Wonderful verbal witticisms

2012-01-25 00:00

THE Big Stick is the English version of Zacht als Staal (Soft as Stee l) — the author’s ­second novel — and it loses only a little in trans­lation. In fact, bar the tiny ­language issue, Soft as Steel may even have gained in this English retelling.

Like a bon-bon layered from dark, bitter chocolate and sweetly nutty bits, the interwoven tales of Staal — the moffie with “the big stick” who was exiled from Zeerust to the gay heaven of the Netherlands in the eighties — will have you devouring the pages like so many Ferrero Rochers.

The tale starts with a foreword by his presumed lover, before a Dutch detective is bemused by first the drowned, poofter-bag-carrying skinhead and then by his formidable mother, Alma Nel. Nel fought Staal’s gayness all his life and now, maybe not too late, tries to understand and accept her son in memoriam.
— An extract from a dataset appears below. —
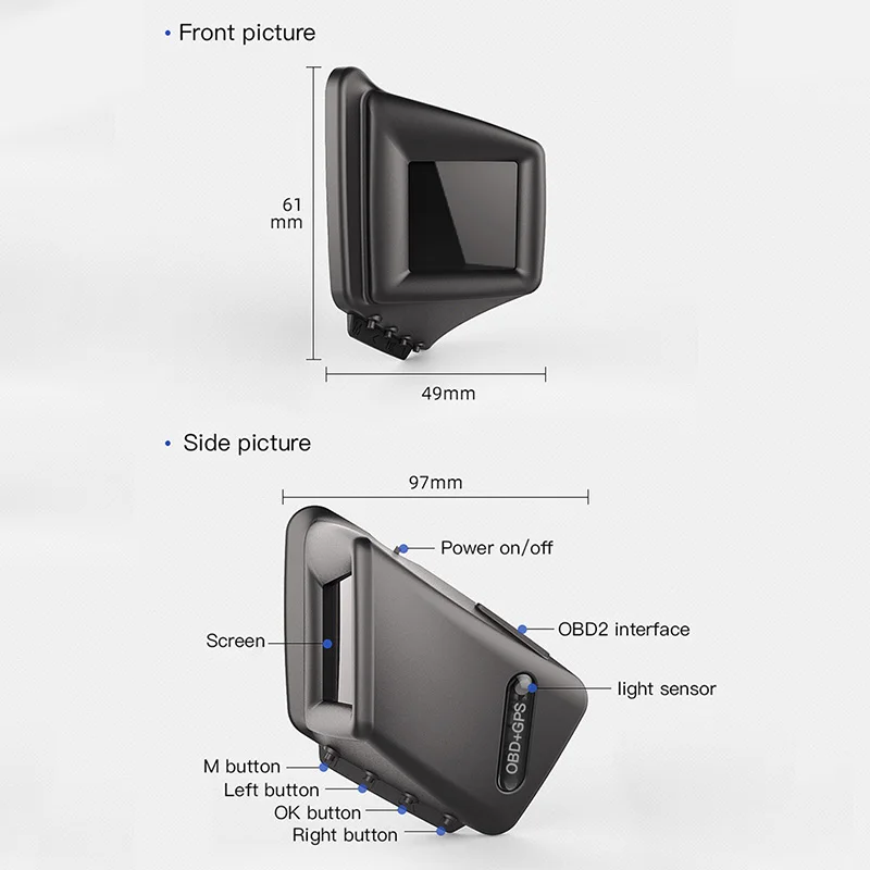 OBD + GPS 2 в 1 двойная рабочая система, которая может работать на всех транспортных средствах.Если OBD несовместим, перейдите на страницу настройки, чтобы переключить Рабочий режим в режим GPS: Держите скорость на 0, И нажмите кнопку «ОК», чтобы перейти на страницу настройки → Настройка → выключатель OBD → включение/выключение, выберите переключатель OBD, затем устройство войдет в режим работы GPS.1. Отображение информации о режиме OBD: скорость транспортного средства, температура воды, температура масла, напряжение, расход топлива, об/мин, один пробег, общий совокупный пробег, время в пути, системное время, давление впуска, соотношение воздуха и топлива, давление турбины, давление впуска, испытание на ускорение, испытание тормозов, ПИД-данные, считывание потока данных.Сигнализация: сверхскоростная сигнализация, скоростная сигнализация, высокая температура воды, Сигнализация низкого напряжения, сигнализация неисправности двигателя, четкий код неисправности, свободное переключение между километром и милями, переключатель Цельсия и Фаренгейта свободно (°C и switch Переключатель), км/ч и миль/ч переключатель, бар и PSI переключатель...2. Отображение информации о режиме GPS: скорость, время в пути, Спутниковое время, высота, количество спутников, направление движения, один пробег, напряжение, испытание на ускорение, испытание тормозов.Сигнал тревоги: сигнал тревоги, сигнал низкого напряжения, свободное переключение между километром и милями, км/ч и миль-переключатель...

In between, his tomboy sister, the psychologist who tried “to cure” his queerness, and many others virtually leap off the pages to render a new noir that is as much romance as it is a ­detective story.

The tiny language issue in the English rendering is the one discordant note throughout this wonderful piece. In the original, De Nooy ­captures the verbal confusion that happens whenever Afrikaners and Dutch try to understand each other’s similar-looking languages. (Just look up the Dutch for “cat breeder” and you get the idea.) But in English, De Nooy’s verbal witticisms plod on the pages either as a heavily accented “that’s a lorra money”, or as gaps ­between the lines that leave the reader to deduce in which language the untranslatable joke happened.